In still other embodiments, the system may function only as a transmitter and include a tunable metasurface for transmitting optical radiation, but without a corresponding receiver. Similarly, the system may function only as a receiver and include a tunable metasurface for receiving optical radiation, but without a corresponding transmitter.

In any of the various embodiments, the optically resonant antenna may be formed as an elongated metal track for one-dimensional beam steering, as shown and described. In other embodiments, columns and rows of posts may be used for two-dimensional beam shaping and/or spatial beam shaping. In an embodiment for one-dimensional beam steering, each optically resonant antenna can include a first elongated metal track extending from an insulator having a defined width W and length L to a height H. The proportion of metal tracks can be selected for a particular resonance within the operating wavelength. The elongated metal tracks may extend between edges of the underlying reflective surface and may be substantially parallel to each other.

Similarly, in any of the various embodiments, the optically resonant antenna can include a high-Q tunable resonant waveguide, such as a high-Q tunable resonant plasmonic waveguide. This high sensitivity to the dielectric index is achieved by a high Q value of the resonance (e.g. Q > -10). Any of a variety of mathematical models for beam steering may be used, including, for example, the Gerchberg-Saxton algorithm.

The disclosure has been made with reference to various exemplary embodiments, including the best mode. However, those skilled in the art will recognize that changes and modifications may be made to the exemplary embodiments without departing from the scope of the present disclosure. While the principles of the disclosure have been illustrated in various embodiments, many modifications of structure, arrangement, proportions, elements, materials, and components may be adapted to specific environments and/or operative requirements without departing from the principles and scope of the present disclosure. These and other variations and modifications are intended to be included within the scope of the present disclosure.

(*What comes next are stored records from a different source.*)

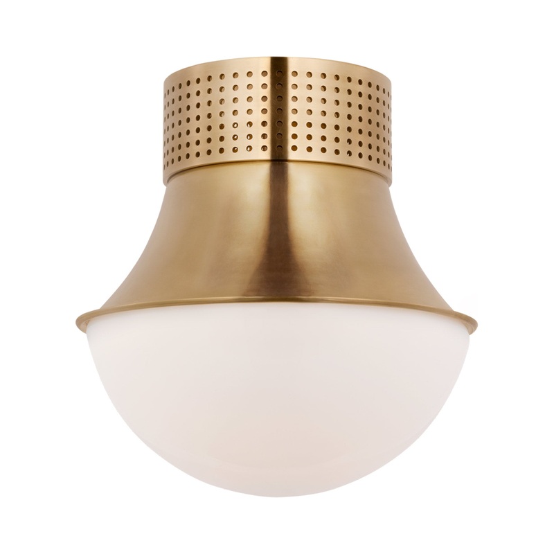 Bring a European influence to bold industrial ambiance as it flatters an interior light fixture. The Precision Round Flush Mount Ceiling Light from Visual Comfort Signature adopts classic metal construction with a romantic silhouette and addition of perforated metal layering. Classic and romantic influence follows a demure white glass dome shade, rounding out expert proportion.
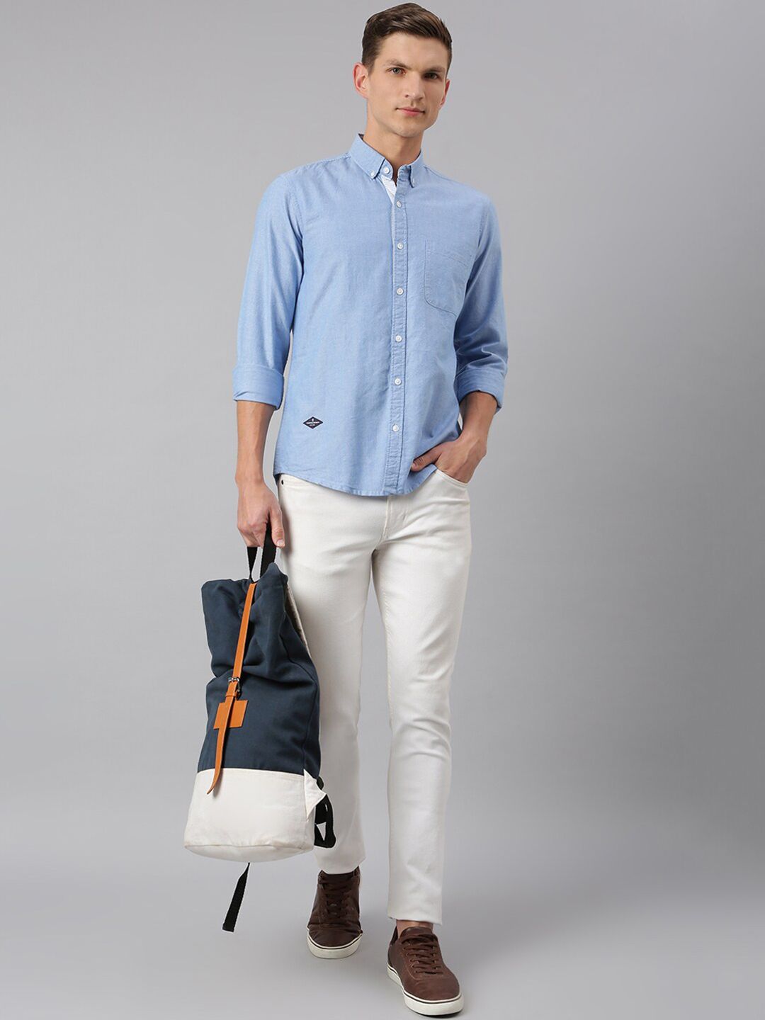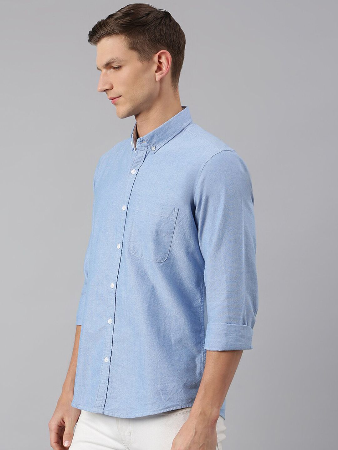 Thomas Scott Men Blue Slim Fit Pure Cotton Casual Shirt
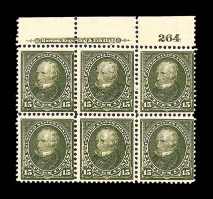 1493 ogPB 284 image#284, 15c Olive green, top margin imprint and plate no. 264 block of six, deep prooflike color and impression, o.g., hinge mark in selvage may just affect the top middle stamp, otherwise n.h., fine and a scarce plate block. (Image) $2,100.00
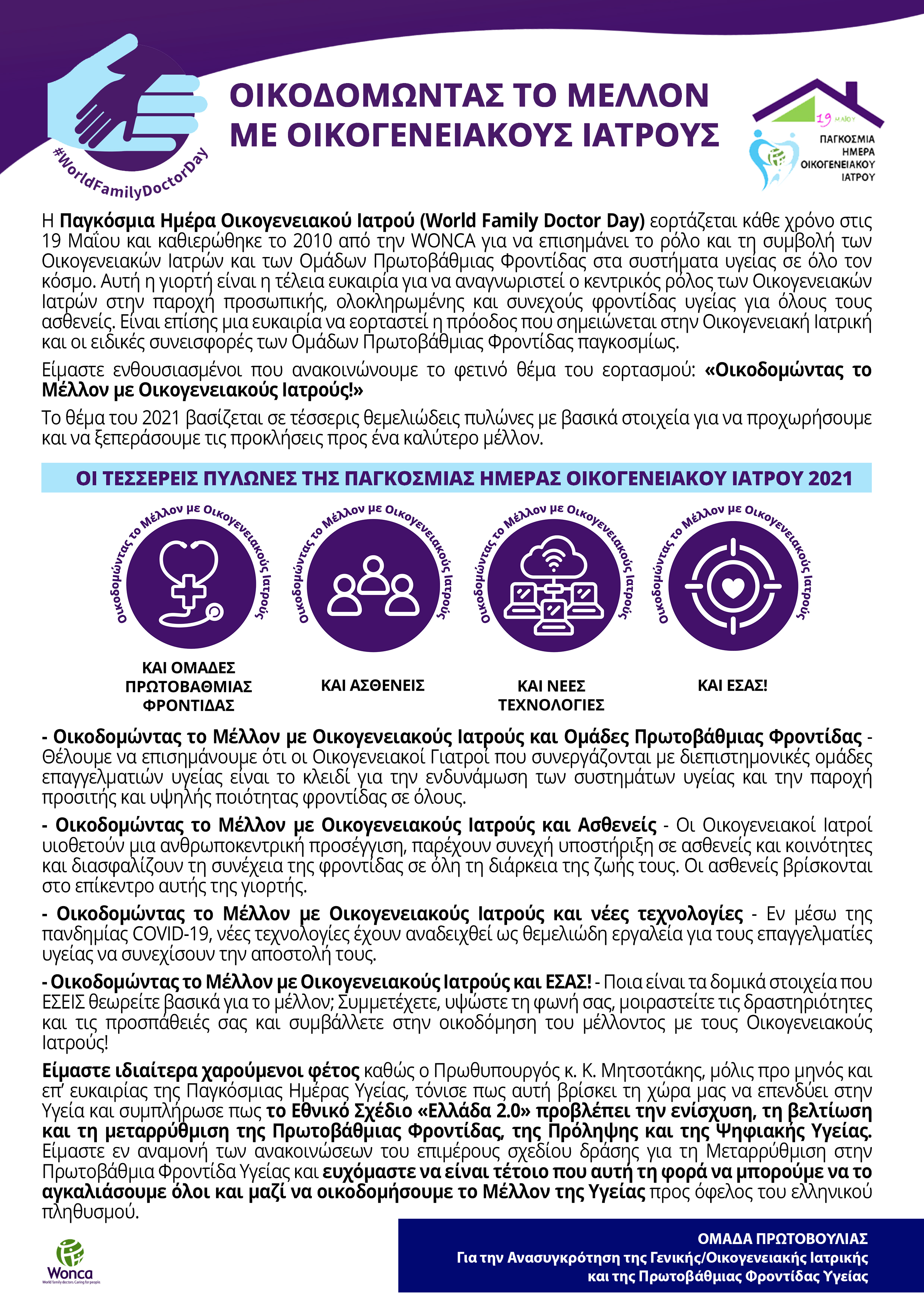 Οικοδομώντας το Μέλλον με Οικογενειακούς Ιατρούς και Ομάδες Πρωτοβάθμιας Φροντίδας - Θέλουμε να επισημάνουμε ότι οι Οικογενειακοί Γιατροί που συνεργάζονται με διεπιστημονικές ομάδες επαγγελματιών υγείας είναι το κλειδί για την ενδυνάμωση των συστημάτων υγείας και την παροχή προσιτής και υψηλής ποιότητας φροντίδας σε όλους.
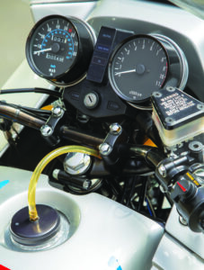 On the build sheet, various stages of tune could be checked off — with each higher stage costing more than the one that preceeded it. According to the website Vetter Mystery Ship, while the base Mystery Ship was equipped with the stock KZ1000 powerplant (1,015cc) and Yoshimura 4-into-1 exhaust system, a $799 Stage I tune done by Yoshimura brought capacity to 1,105cc and developed 101 horsepower with a 10,000rpm camshaft. For $1,134, the Stage II tune built on Stage I, seeing a ported and polished cylinder head and upgraded 10,500rpm camshaft added to the equation to produce 108 horsepower. Stage III, at $1,348, added oversize valves to bring horsepower to 116. The price had to be requested for Stage IV, which took the engine to Superbike spec.
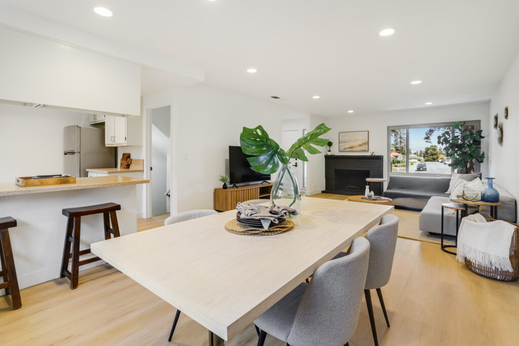 Welcome to this beautifully updated townhouse located in a desirable Santa Clara neighborhood. Step inside and be greeted by a bright, open-concept floor plan. The spacious main level seamlessly connects the living, dining, and kitchen areas, creating a perfect flow for entertaining guests or enjoying quiet evenings at home. The living room is a welcoming space, featuring new LVP flooring and a cozy fireplace, while large, newly installed dual-pane windows flood the entire home with an abundance of natural light. The kitchen is a delight with a convenient breakfast bar for casual dining. Recessed lighting adds a touch of sophistication throughout the home. Upstairs, you’ll find two generous bedrooms, including a primary suite with its own private fireplace, offering a serene retreat. Both bedrooms feature mirrored closet doors, adding to the sense of space. For ultimate convenience, the laundry facilities are also located on the upper level. A 2-car attached garage provides plenty of room for storage. This home is a true gem, combining a sought-after location with contemporary upgrades and an inviting atmosphere. Situated in a prime location, it offers easy access to a variety of shops, restaurants, tech companies, and major freeways.

The present disclosure is to be considered as illustrative and not restrictive, and all such modifications are intended to be included within the scope thereof. Benefits, other advantages, and solutions to problems have been described above with regard to various embodiments. However, the benefits, advantages, solutions to problems, and any element(s) that may cause any benefit, advantage, or solution to occur or become more pronounced are not to be construed as a critical, required, or essential feature or element. Accordingly, it is intended that the present disclosure at least cover the following claims.